How does one decide between paying off student loans and saving for retirement? Both are solid goals, both are keys to increasing wealth, but which one should take priority?
Without fail, most financial professionals will have you contribute first to your company’s 401(k), especially if it comes with a company match. It is, in essence, free money and the best instant rate of return you will likely ever get. But even without the company match, in most cases it is probably a better idea to max out your retirement plan and invest in other retirement vehicles before paying down student loans.
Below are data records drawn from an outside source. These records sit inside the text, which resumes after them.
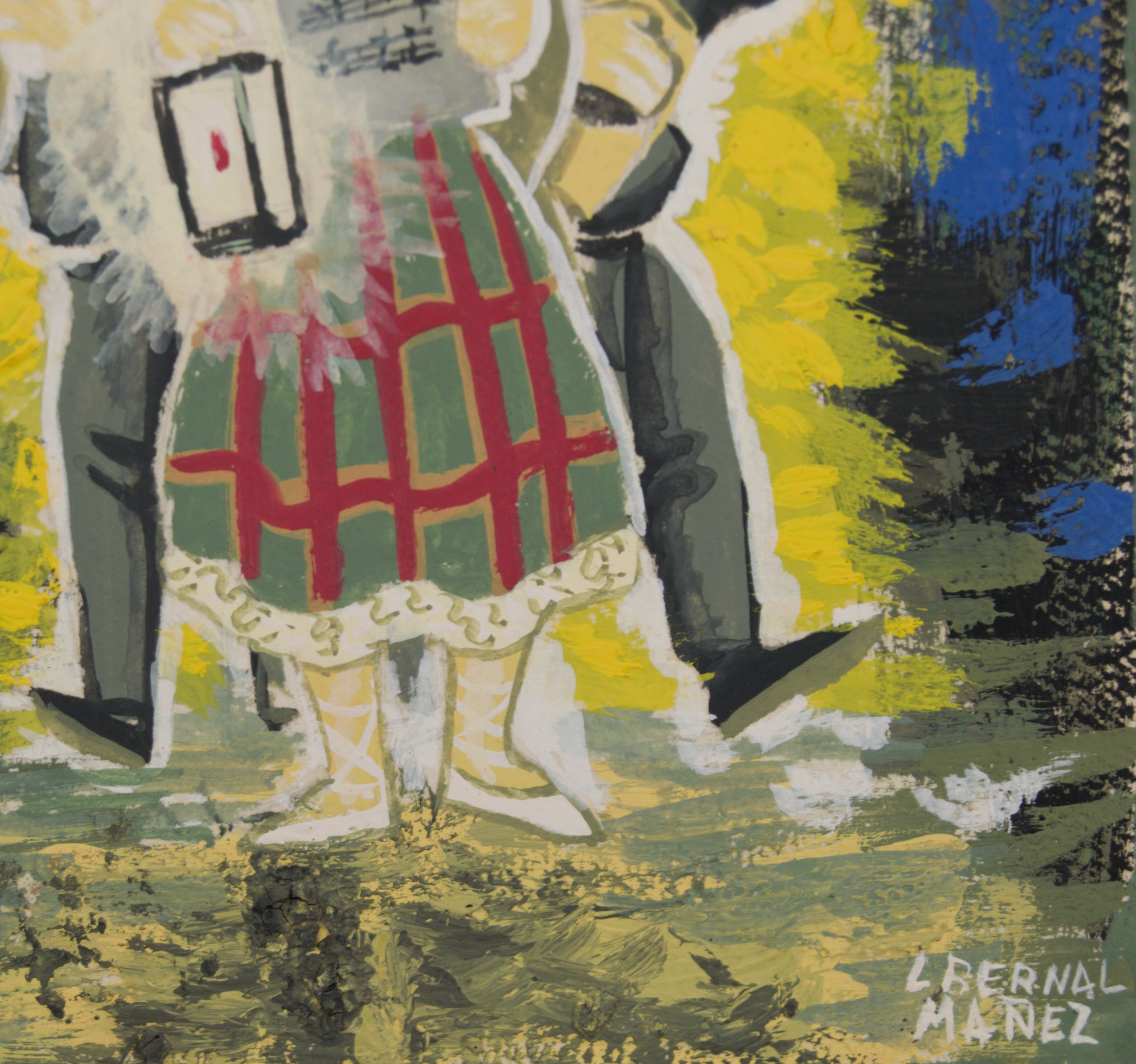 Las grandes historias a menudo caben en los formatos más pequeños. Bernal Máñez nos entrega aquí una cápsula de nostalgia bellamente ejecutada. Es una pieza erudita que celebra la raíz popular, ideal para el coleccionista que busca enriquecer su gabinete con pintura figurativa que posea alma, oficio y un innegable valor antropológico.
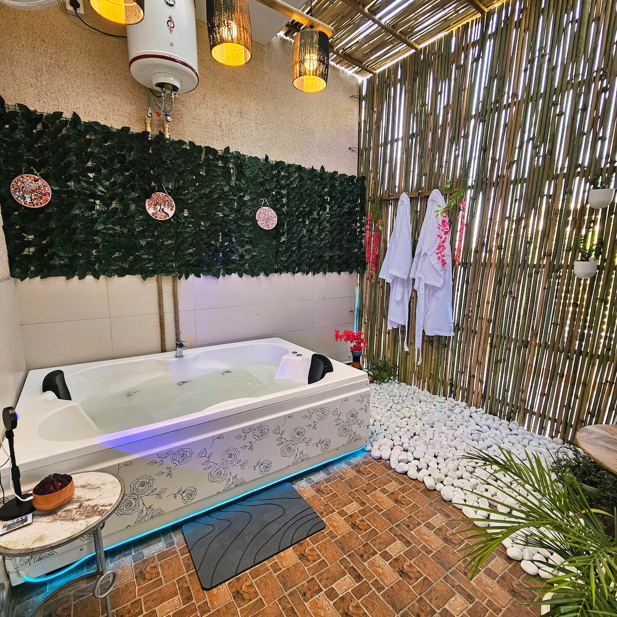 Kudarat offers a private ground-floor stay with a plunge pool attached to the bedroom, completely exclusive for your comfort and privacy. A hut-style bamboo bed above the pool creates soothing, romantic vibes, almost like floating on water. Surrounded by real plants, natural rocks, and a cozy sofa, the covered space feels calm, warm, and intimate. Designed with nature-inspired elements, Kudarat offers a safe, peaceful, home-like vibe — perfect for couples and special celebrations 😇
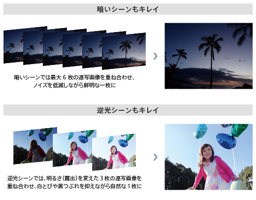 シーンや撮影者の状況に合わせて、最適な設定に自動調整してくれる「プレミアムおまかせオート」。暗いシーンでは、高速・高精度な画像処理によって最大6枚の連写画像を重ね合わせてノイズを低減。さらに、新たな信号処理技術により、暗所での画質が向上しています。また、逆光シーンでも、明るさ(露出)を変えた3枚の連写画像を重ね合わせ、白とびや黒つぶれを抑えて自然な一枚に仕上げます。
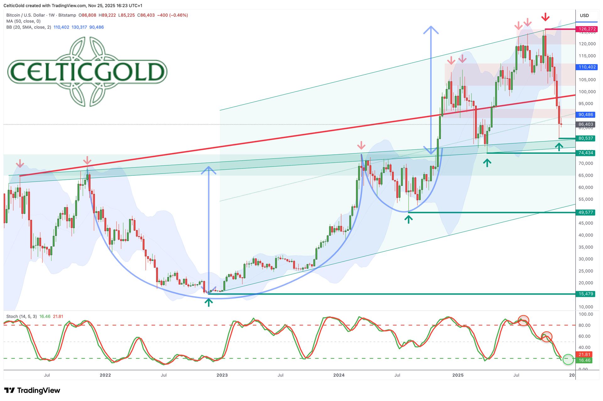 Bitcoin in USD, weekly chart as of November 25th, 2025. Source: Tradingview
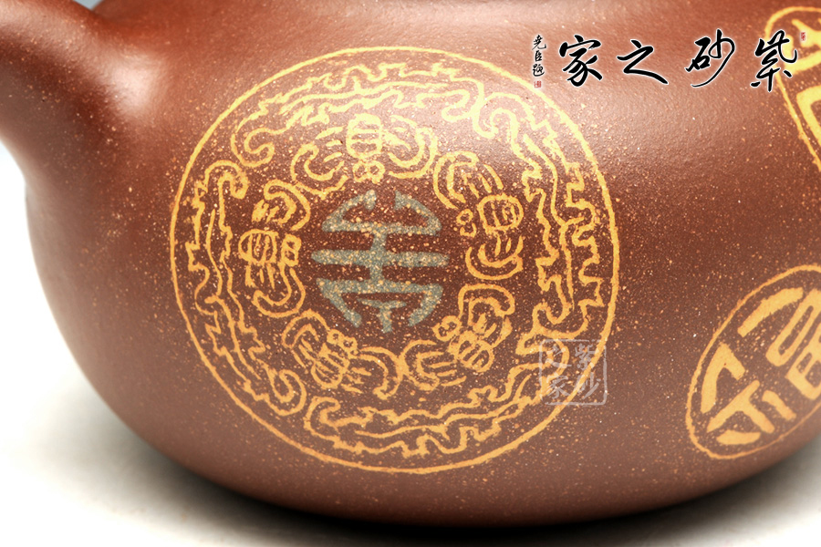 此壺作品,原礦紫泥制作而成,泥質(zhì)醇厚,色澤古穆。這款茄段的美妙之處在于似真似幻,在具體和抽象之間輪轉(zhuǎn)。以生活中常見的茄子為型,用圓潤的線條勾畫出茄子的動態(tài)之美,與常見的茄段不同。此款造型憨胖,敦實厚重,沉穩(wěn)有力,壺鈕為如茄蒂,逼真自如,流與把俊俏有力,舒暢自如,工藝精到。壺身有福字圖案,寓意吉祥如意,大富大貴之意。

It is still important to make the minimum payments on your student loans, of course, but the interest rates are usually quite low, making the interest savings minimal compared to the interest earned on investing your money elsewhere for the long haul. In addition, there are often tax breaks on the interest paid on student loans, further decreasing the true cost of the loans.
That being said, paying off student loans reduces and ultimately eliminates interest payments, which is essentially a guaranteed rate of return, something that hardly exists in the financial world. In addition, eliminating debt has psychological implications as well. Sometimes our peace of mind is just as important as making sure the math adds up!
So in summary, you can accomplish both goals at the same time; however, if you have to choose, focus on retirement, specifically the 401(k) company match. But there is no “wrong” way to go about this. If you feel better about paying off your student loans, that is ok, as long as you don’t leave retirement savings in the rearview mirror.